Back away from the nonfiction, James Patterson.
14 January 2010
Normally I'm content to live and let live where author James Patterson is concerned. Sure, I think he's an unbelievable hack and all that is wrong with the state of American fiction and consumers' current reading habits. But, as he typically writes (or contracts with others to write) thrillers, which are not my cup of tea, I don't tend to think much about him at all. I don't, for example, hate him with the heat of a thousand white-hot suns, the way I hate Thomas Friedman. Thomas Friedman is special for me that way.
But now the man is starting to come out with nonfiction titles, which is where I'm going to have to draw the line. His first title was a "medical thriller" titled Against Medical Advice (co-authored with Hal Friedman), which I glanced at but didn't read. I did note, however, that it was at least superficially a book that could pass for adult reading--more than twenty words on a page, chapters that were sometimes longer than 2 or 3 pages, and at least a half-hearted attempt at putting together a cohesive medical tale. But now? Now he's come out with something called The Murder of King Tut: The Plot to Kill the Child King--A Nonfiction Thriller (it's co-authored by Martin Dugard). I thought, well, I'm interested in Egypt. I thought, I should really keep up with what Patterson is doing, because readers do seem to love him. So I checked it out.

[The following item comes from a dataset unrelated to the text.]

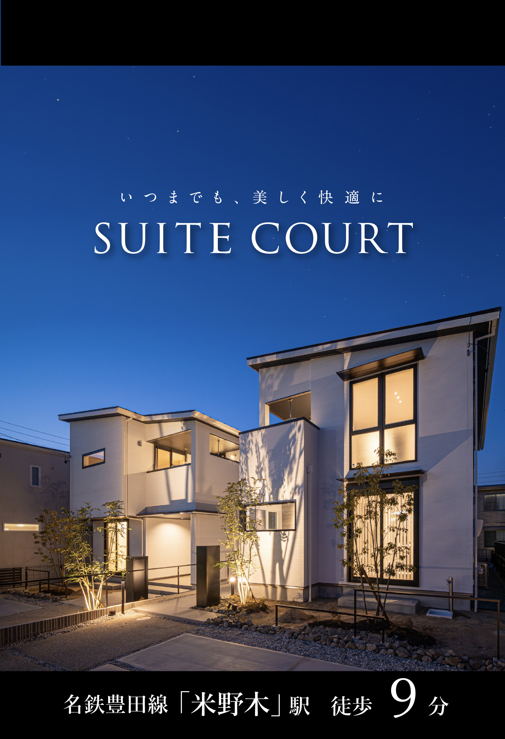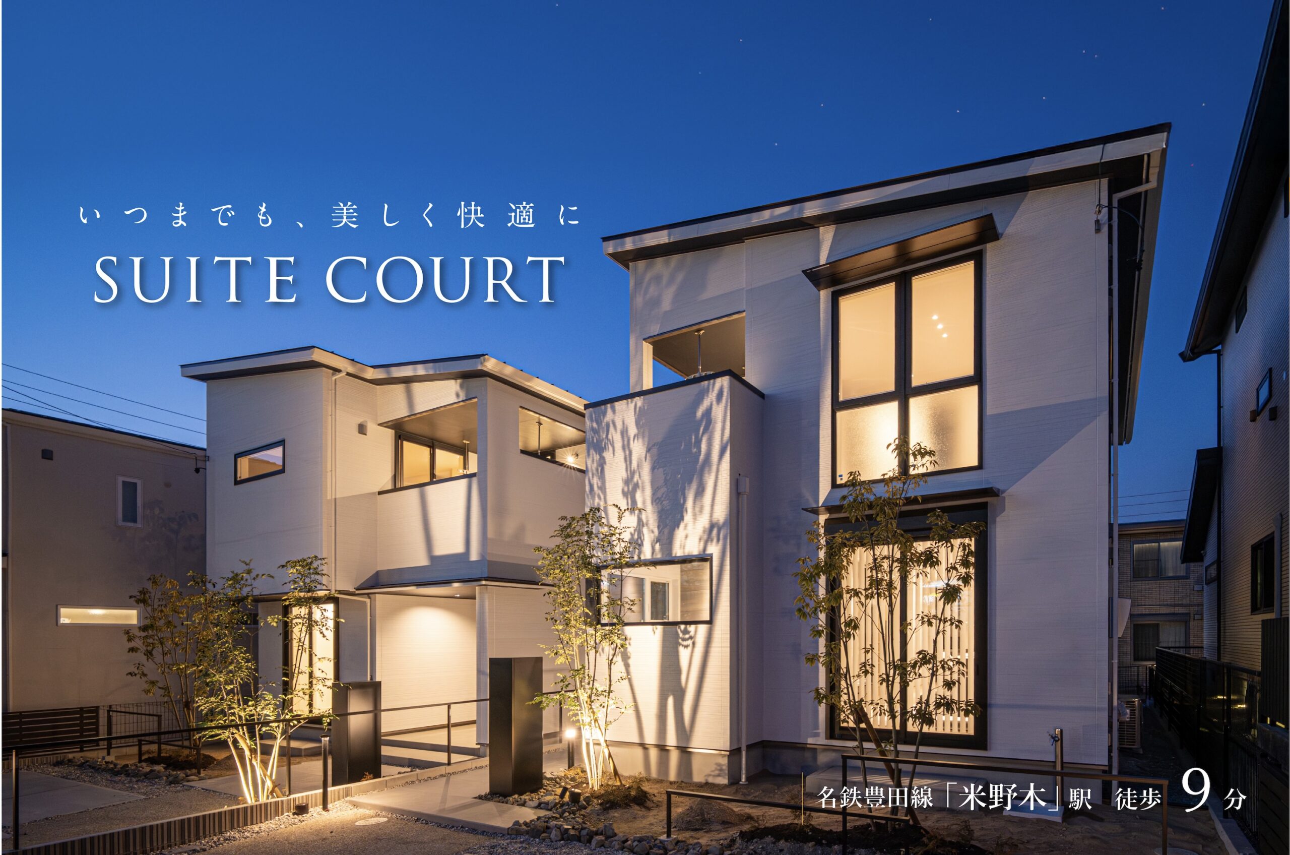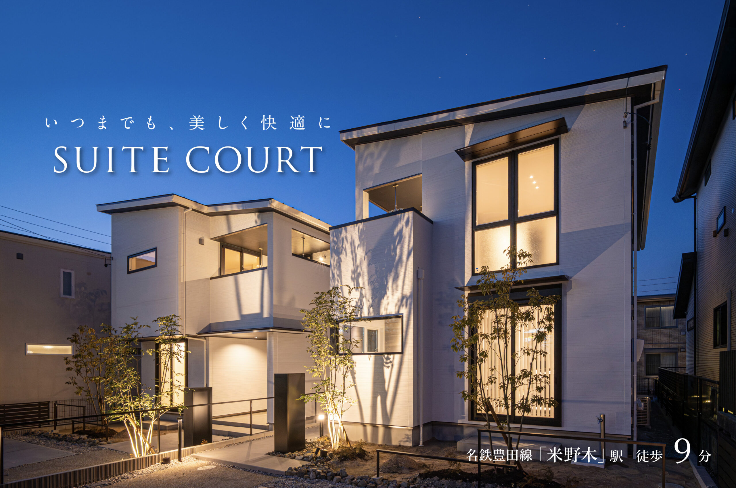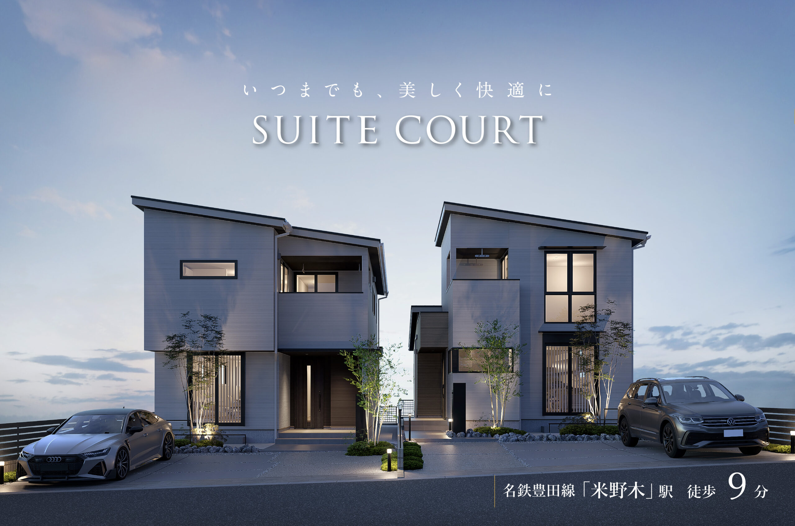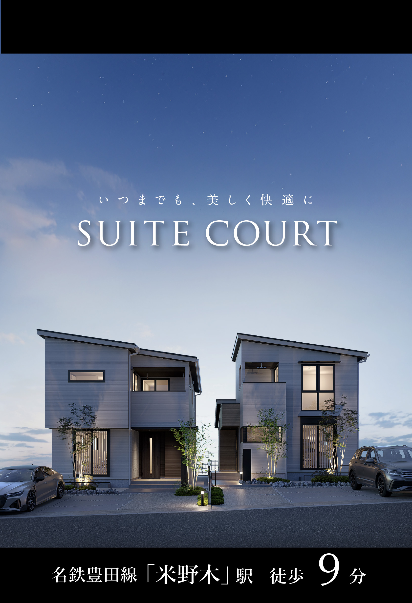 名鉄「米野木」駅徒歩9分。名古屋、豊田方面へアクセス良好。日常に確かな「余裕」をもたらします。未来を見据え、美しく設計された街区には、計画的に整備された道路や公園、静謐な住環境。心地よい安らぎと開放感に満たされたエリアにSUITE COURT誕生。

And, much like Jodi Picoult, I find that nobody can illustrate quite how bad James Patterson is better than Patterson himself. I submit, from the second chapter:
"'This is James Patterson calling. Is Michael around? I have a mystery story to tell him.'
As most people would expect, I love a good mystery, and I thought I might have unearthed a real doozy to write about, which was why I had put in a call to my editor at Little, Brown, Michael Pietsch, who is also the publisher.
As I waited for Michael to come on the line--he usually takes my calls, night or day*--I looked around my second-floor office. Am I completely mad? I wondered.
The last thing I needed right now was another writing project. I already had a new Alex Cross novel on the fires, and a Women's Murder Club brewing, and a Maximum Ride to finish. In fact, there were twenty-four manuscripts--none of them yet completed--laid out on the expansive desk surface that occupies most of my office..."
The mystery that Patterson was calling Pietsch about was a book about the life and supposed murder of King Tut, with alternating chapters from 1300s BC, and the late nineteenth and early twentieth centuries when Howard Carter was excavating Tut's tomb. Even a cursory glance at his book indicates something is slightly off. If your third-grader brought this book home, you would look it over and say, "Honey, shouldn't you be reading something harder than this by now? Where are my tax dollars going?" It literally looks like an easy reader for kids just out of picture books.
I should have put in the half hour it would have taken to read the whole thing so I could critique it properly, but I'm now getting to an age where I am too protective of each of my half-hours. Fie on you, Patterson, and your book assembly line.
*I'll bet he takes your calls, since I'm assuming you've made him massively rich and he is, in fact, probably contractually obligated to kiss your ass at all times.